Nello stesso anno 1939, il cottimo allargato ai lavoratori del sottosuolo, della cui regolamentazione poi parleremo, secondo la seguente tabella  orientativa sulla paga, questa volta giornaliera: minatori 25,15 lire; aiuto minatori 22,45; manovali 19,35. Salari certamente superiori alle retribuzioni dei lavoratori dell’Iglesiente e dei braccianti, che non superano, per questi ultimi, le 5, 9, 10 lire,  al massimo, di paga oraria base. Ma più bassi tuttavia  del resto d’Italia e dei salari delle miniere dell’Arsa, nonostante le integrazioni del duce di 10 centesimi l’ora, tenedo conto che, complessivamente, le retribuzioni nel Paese erano migliorate a partire dal 1937, grazie all’introduzione della tredicesima mensilità,  degli assegni familiari, 4,80 lire a chi avesse meno di tre figli, 6 lire a chi ne avesse più di 3, e degli adeguamenti al costo della vita,  fino a garantire aumenti del 10 e del 12% in busta paga.

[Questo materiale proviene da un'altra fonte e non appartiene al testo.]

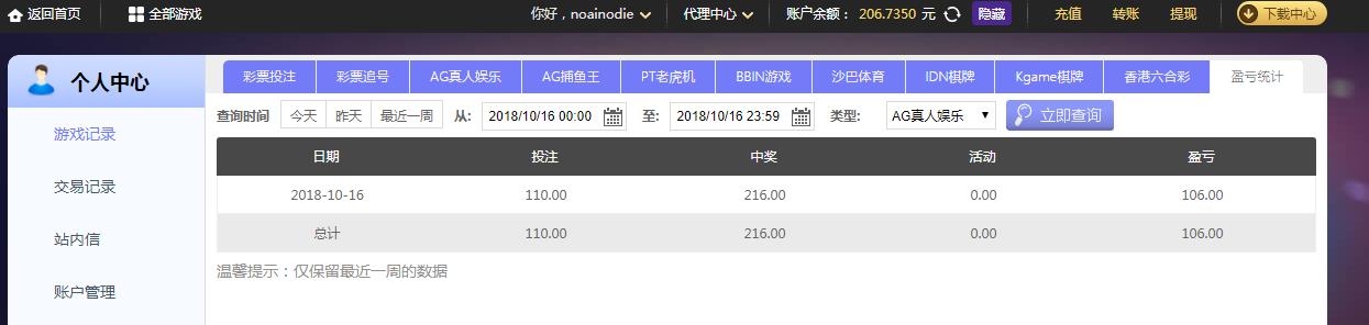 [|赢单奖励] 10月16日摩臣盈利106元 |
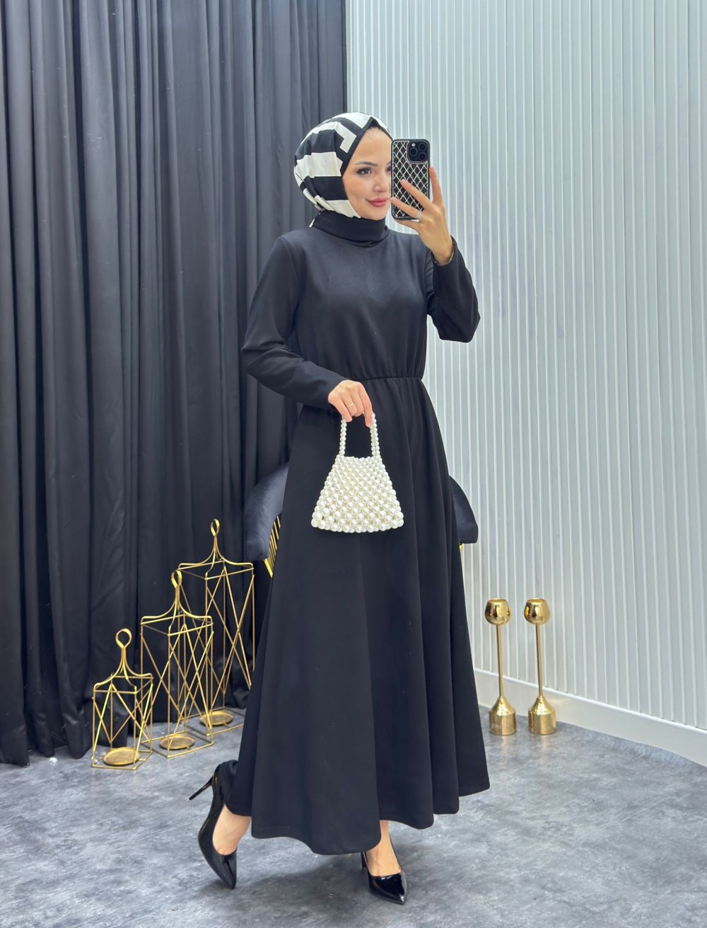 Balıkçı yaka olup elbisemizin beli büzgülüdür.
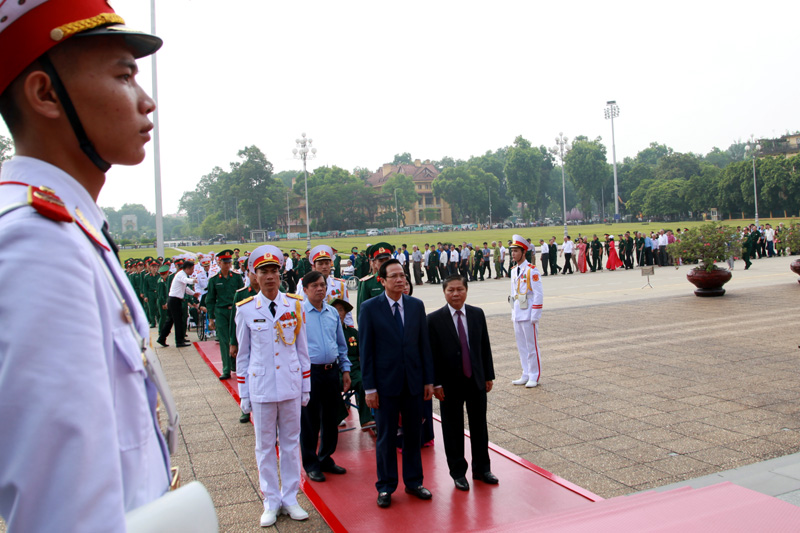 Sau lễ tưởng niệm các anh hùng, liệt sĩ, đoàn đại biểu đã đặt vòng hoa, vào Lăng viếng Chủ tịch Hồ Chí Minh.
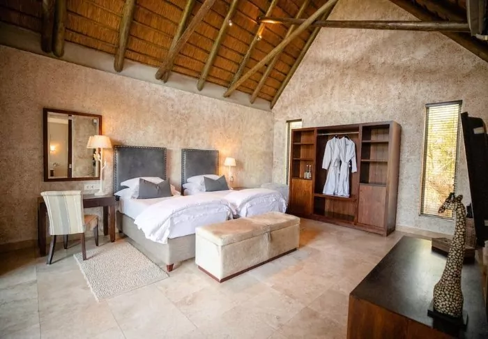 The camp is located in a private section within the Kruger National Park itself, and from the pool, you have an excellent view facing the National Park. You can often see a bloat of hippopotamuses in the river just beyond the big grassy field, and there are benches (and a fence!) set up for you to comfortably and peacefully sit and listen to them puff and frolic in the water below.
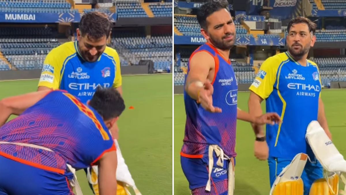 Former teammates MS Dhoni and Deepak Chahar shared a heartfelt moment during training at Wankhede before facing off in the MI vs CSK clash. Chahar, who played under Dhoni at CSK before joining MI, came up to meet his former captain. Dhoni quickly pointed that Deepak bought the camera along, before the pacer proceeded to touch the former Indian captain's feet.
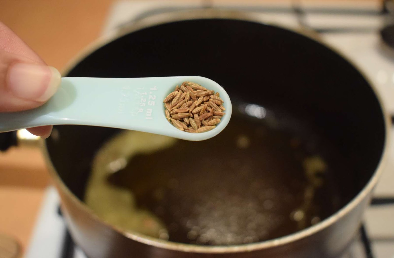 - Once the oil is hot, add Cumin seeds and let them crackle.
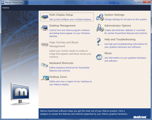 デジタルサイネージやプロジェクターの利用も考慮され、例えばモニタ部分のベゼルを無視した画面表示や、複数プロジェクタによるつなぎ目の無い表示。いくつものモニタを1つとしてOS上から認識させ、マルチディスプレイ環境下で挙動がおかしくなるソフトもこれで安心で、かゆいところに手が届く細かい機能の数々。
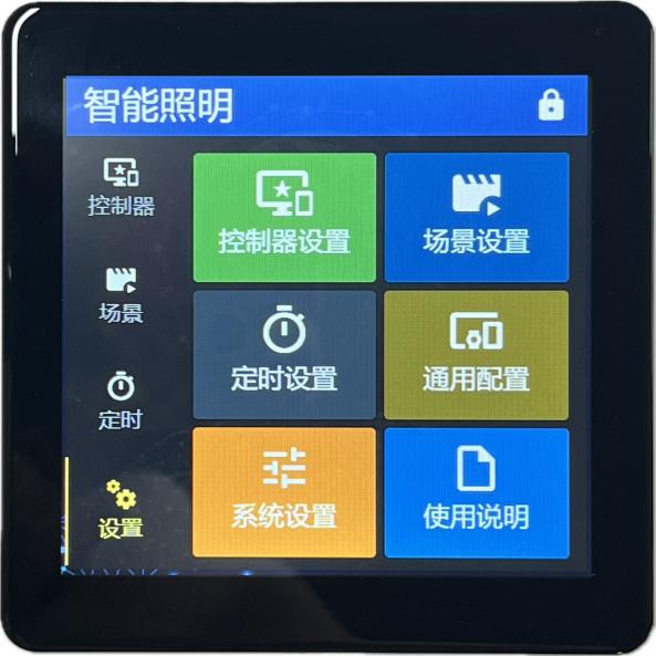 进入主界面,系统分为四个功能,分别为时控、控制器、场景和设置功能,右上角蓝色按钮为锁屏键,点击即可锁屏。
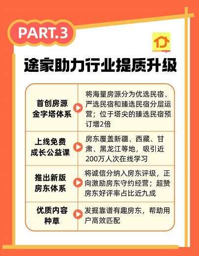 为了提升房东的服务能力,途家民宿2024年上线成长公益课,覆盖了新疆、西藏、甘肃、黑龙江等地近200万人次,助力他们进阶跃升;并组织多场线下交流会等房东社区活动,让房东们互帮互助交流服务经验。“我们希望能够为行业赋能,帮助民宿房东为客人提供更好的体验服务,同时也能为各地文旅住宿提供更多民宿解决方案。”胡阳指出。
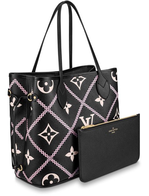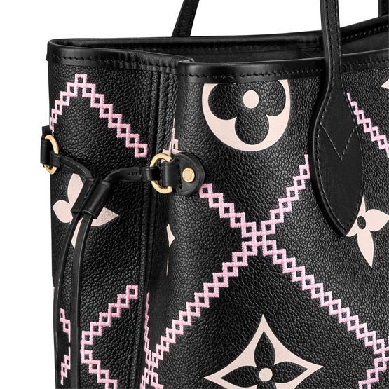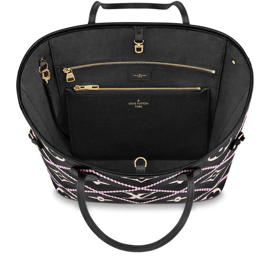 For Spring 2022 the House introduces a refined edition of the Neverfull tote in Monogram Empreinte leather. This statement piece is embellished with contrast stitching that recalls the heritage Malletage pattern, used on the linings of original Louis Vuitton trunks. The motif is printed, embossed, then impeccably embroidered on the leather, creating an on-trend, crafted effect.
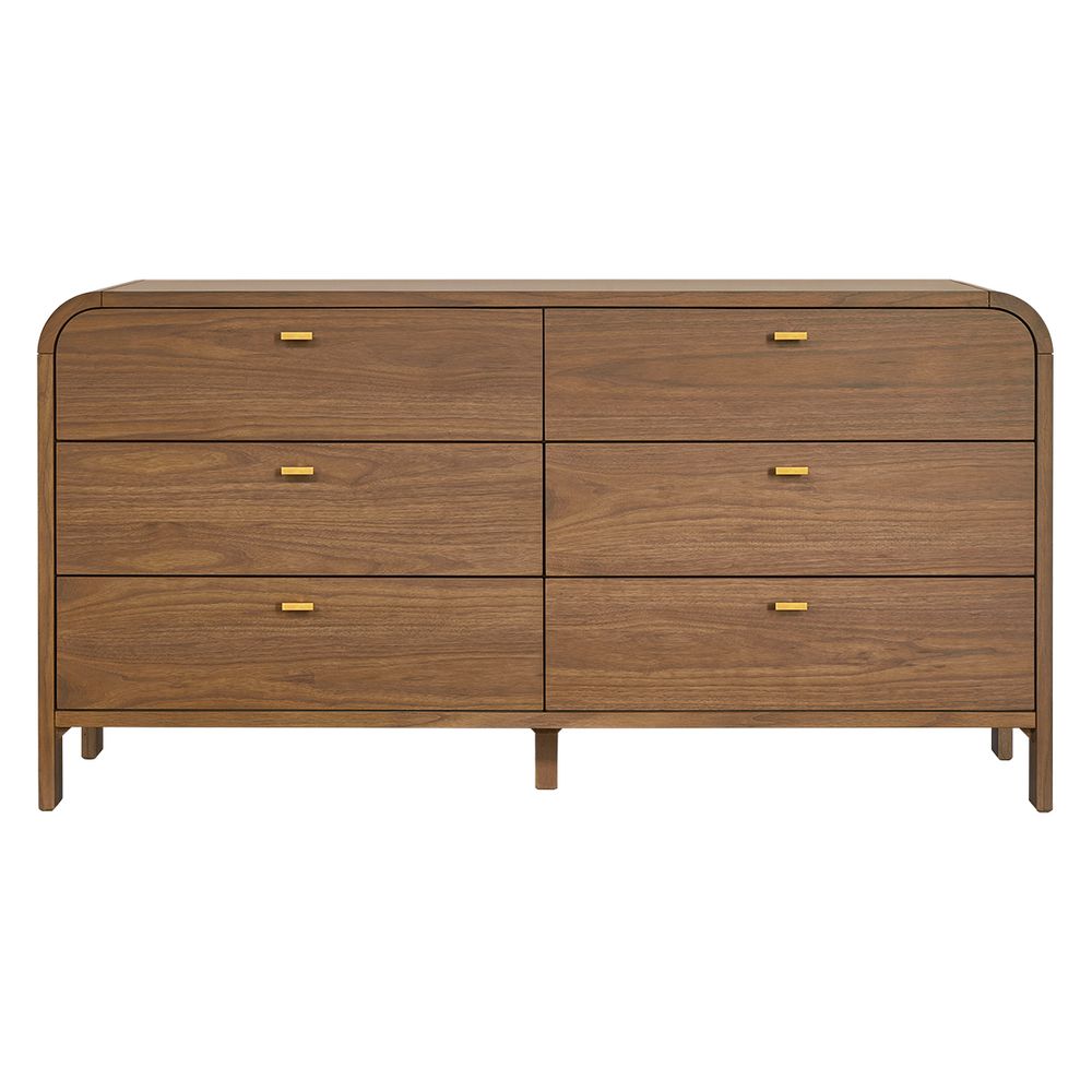 The Chisholm 6 Drawer Chest in Walnut combines sculptural form with everyday functionality. Crafted in a warm walnut veneer, this piece features a sleek curved frame, six generously sized drawers, and brushed gold T-bar handles. Full-extend metal runners ensure smooth access and durability, while the rounded corners and elevated base provide a refined, contemporary silhouette. A timeless storage solution for bedrooms or living spaces, it offers an elegant balance of design detail and practicality.
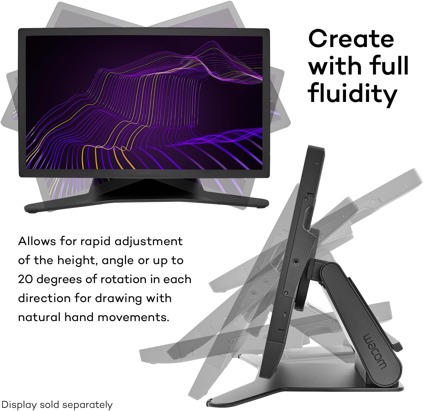 The Wacom Cintiq Pro 27 Stand is designed specifically to bring maximum comfort, flexibility and stability to any desktop studio or remote workspace and allows for rapid adjustment of the height, angle or up to 20 degrees of rotation in each direction for drawing with natural hand movements.
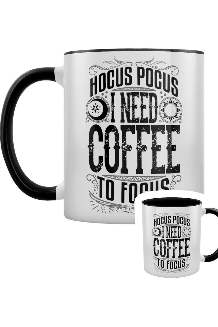 Hocus Pocus I Need Coffee To Focus Black Inner 2-Tone Mug.
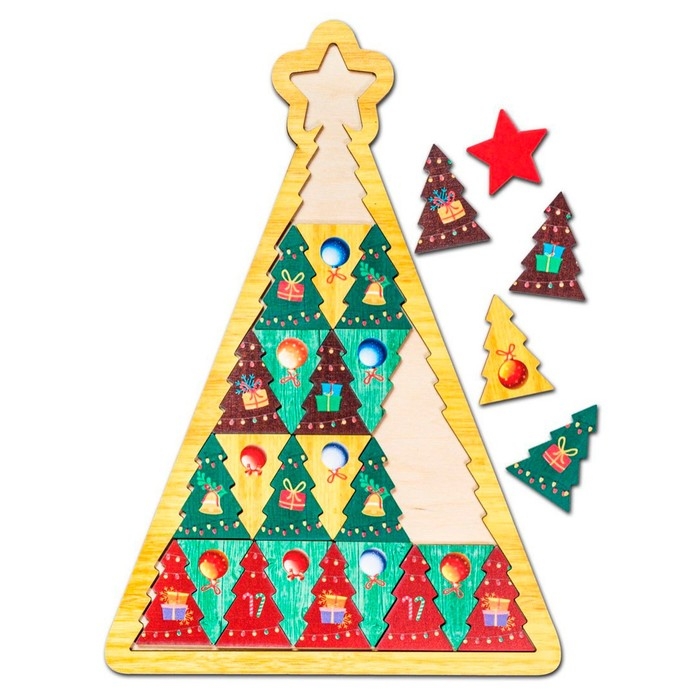 - Задача ребёнка — сложить большую ёлочку из маленьких.

A Carbonia, delle 8 ore giornaliere, 7ore e mezzo vengono pagate  secondo Contratto, l’ultima mezz’ora come straordinario, in base alle nuove tabelle stabilite dall’Azienda che, nel corso del ‘39, dopo gli ordini impartiti dal ‘duce’ al ministro Lantini e a seguito dell’accordo interconfederale 15 novembre 1939, aveva prolungato l’orario di lavoro da 7 a 8 ore, fino a 48 ore settimanali.
A definire le nuove forme di pagamento del salario nel Sulcis, le ‘apposite tabelle opportunamente compilate per le liquidazione dei cottimi, liquidazioni che si possono dividere in liquidazioni  delle preparazioni (traverso-banchi e gallerie) e delle coltivazioni. Per le liquidazioni dei traverso-banchi, basta conoscere l’avanzamento, mentre nelle gallerie ha particolare importanza anche  il profilo del carbone e i vagoni di carbone caricati. Bisogna tener conto degli altri lavori eseguiti, legname posto in opera, vagoni di sterile caricati  e scaricati, sia a pala che con tavole oscillanti, piazzamento dei binari, tubazioni, tavole oscillanti, lunghezza in metri della spingitura. Naturalmente si sottrae al cottimo l’esplosivo consumato, perciò ogni compagnia ha interesse di consumare il meno esplosivo possibile‘, come si può leggere ne il Manuale del Sorvegliante.